▸ **ASSIGNED TASK**: Please set down the data word for word; images do not go in the copy.

▸ **STORED DATA**:
###
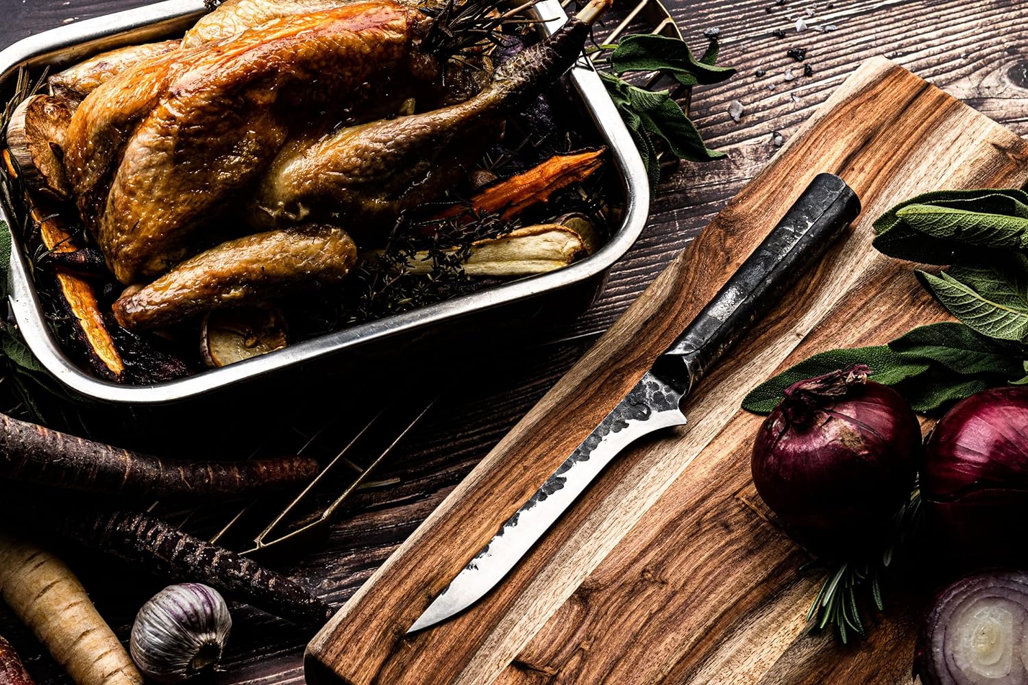 - Von Hand aus Japanischem Stahl geschmiedet. Jedes Messer ist einzigartig in Verarbeitung.
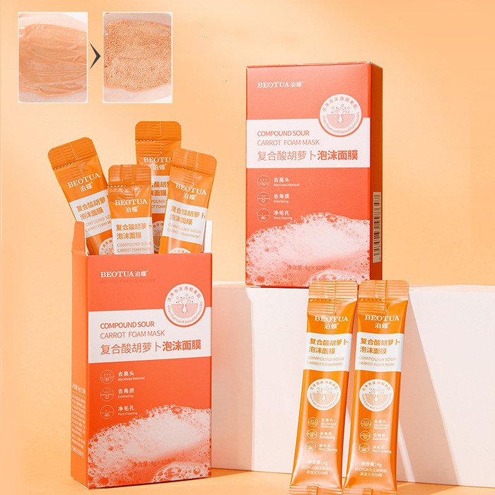 Совместные покупки Каменск-Уральский Косметика и парфюмерия Прочий макияж — Пузырьковая маска для лица с экстрактом МОРКОВИ Beotua, НАБОР 12 ШТ. по 4 мл.
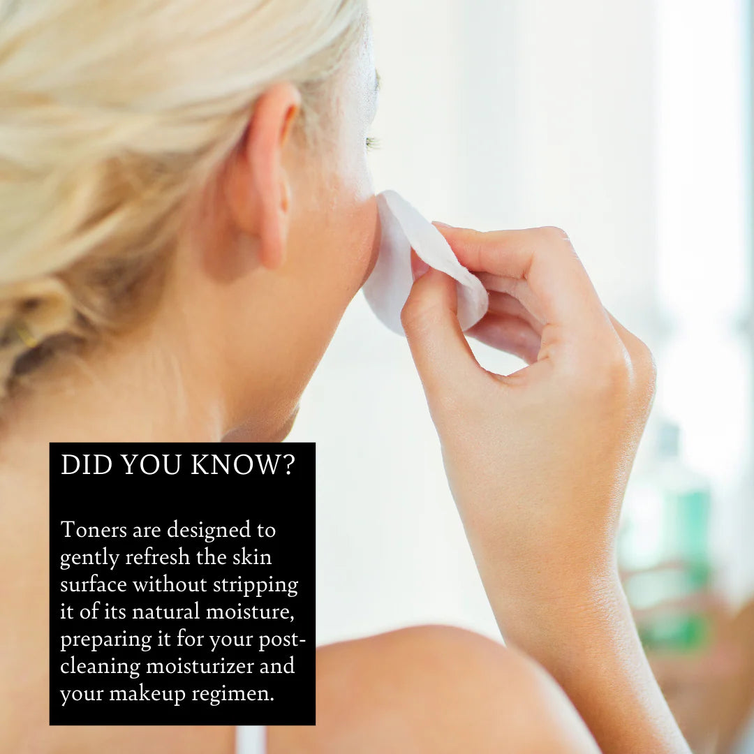 Apply Balancing Toner over your face and neck with a cotton pad as part of your skin care routine.
###
▸ **OUTPUT OF THE TASK**:
 - Von Hand aus Japanischem Stahl geschmiedet. Jedes Messer ist einzigartig in Verarbeitung.
 Совместные покупки Каменск-Уральский Косметика и парфюмерия Прочий макияж — Пузырьковая маска для лица с экстрактом МОРКОВИ Beotua, НАБОР 12 ШТ. по 4 мл.
 Apply Balancing Toner over your face and neck with a cotton pad as part of your skin care routine.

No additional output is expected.